On Wednesday, 22 April 2015 at 20:29:49 UTC, Walter Bright wrote:
On 4/22/2015 12:51 PM, ponce wrote:
I didn't appreciate how important default initialization was before having to fix a non-deterministic, release-only, time-dependent bug in a video encoder some months ago. Just because of 2 uninitialized variables (C++ doesn't require member initialization in constructor). If one of them was _exactly equal to 1_ by virtue of randomness, then it would perform from 0 to 2 billions of motion estimation steps, which is very slow but not a total halt. A watchdog mechanism would detect this and reboot, hence labelling the bug "a deadlock". It would disappear in debug mode since variables would be initialized then.

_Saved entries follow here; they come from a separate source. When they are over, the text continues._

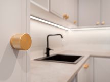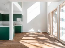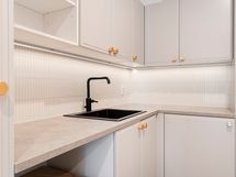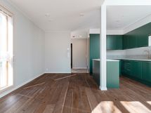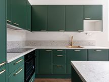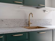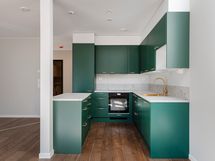 - Keittiön varusteet: Jääkaappipakastin, uuni, liesi, liesituuletin, mikroaaltouuni, astianpesukone ja keittiösaareke. Liesi: Induktioliesi. Työtason materiaali: Laminaatti. Topi-keittiön kaapistot (sävy: havunvihreä) messinkisillä vetimillä ja integroiduilla kodinkoneilla.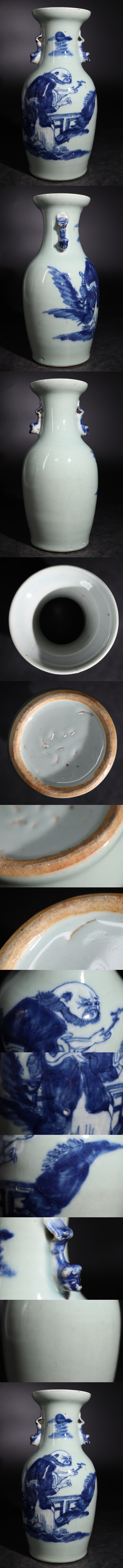 | 時代 染付 青磁 人物文 双耳 花瓶 / 中国美術 花器 壺 煎茶飾 検索: 清 新渡 .G3081 |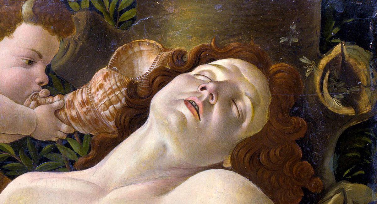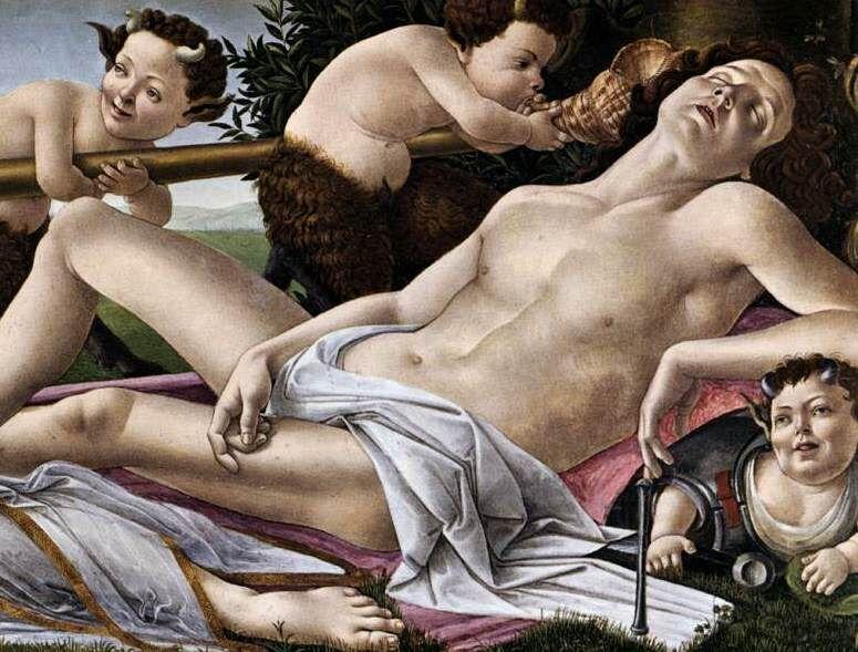 Боттичелли оставляет отсылку к стихотворению Полициано, наставника детей Медичи. В одном из его творений он описывает козлоногих сатиров, спутников пастуха. Тот обитал в похожем на сон месте любви и наслаждения. Таким образом, Боттичелли органично сплетает образы из античных текстов и современной ему культуры.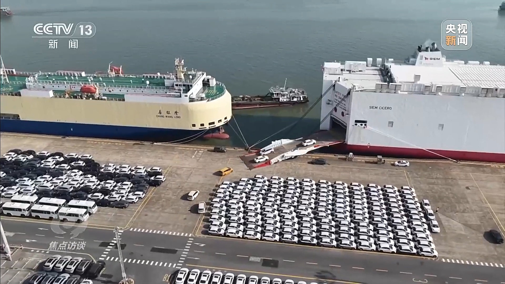 广州港南沙汽车码头有限公司总经理助理 陆春荣:打造了七船同靠并行作业的高效级运营模式,我们通过科学船舶调度,还有资源整合,实现了单船超过4000台汽车的装卸作业,在24小时内完成常态化高效标准。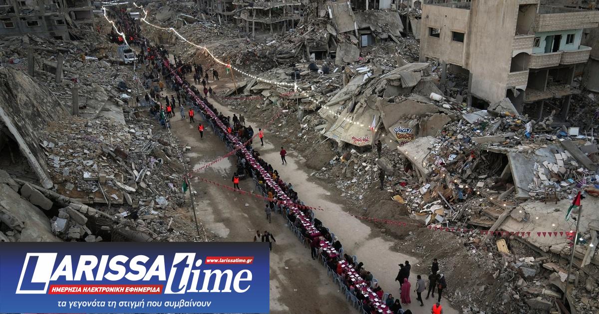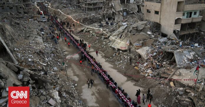 Συγκλονιστικές είναι οι φωτογραφίες από το μεγάλο τραπέζι που έστησαν ανάμεσα στα συντρίμμια οι Παλαιστίνιοι για το ιφτάρ, το νηστίσιμο γεύμα, την πρώτη ημέρα του Ραμαζανιού στη Ράφα.

The default initialization comes from bitter personal experience, much like yours!


That gives a totally other meaning to "zero cost abstractions" since in three weeks of investigation I could have speed-up the program by ~5%, much more than
the supposed slowdown of variable initialization.

Most of the implicit initializations become "dead stores" and are removed anyway by the optimizer.

Is it even possible to contrive a case where
1) The default initialisation stores are technically dead and
2) Modern compilers can't tell they are dead and elide them and
3) Doing the initialisation has a significant performance impact?

The boring example is "extra code causes instruction cache misses".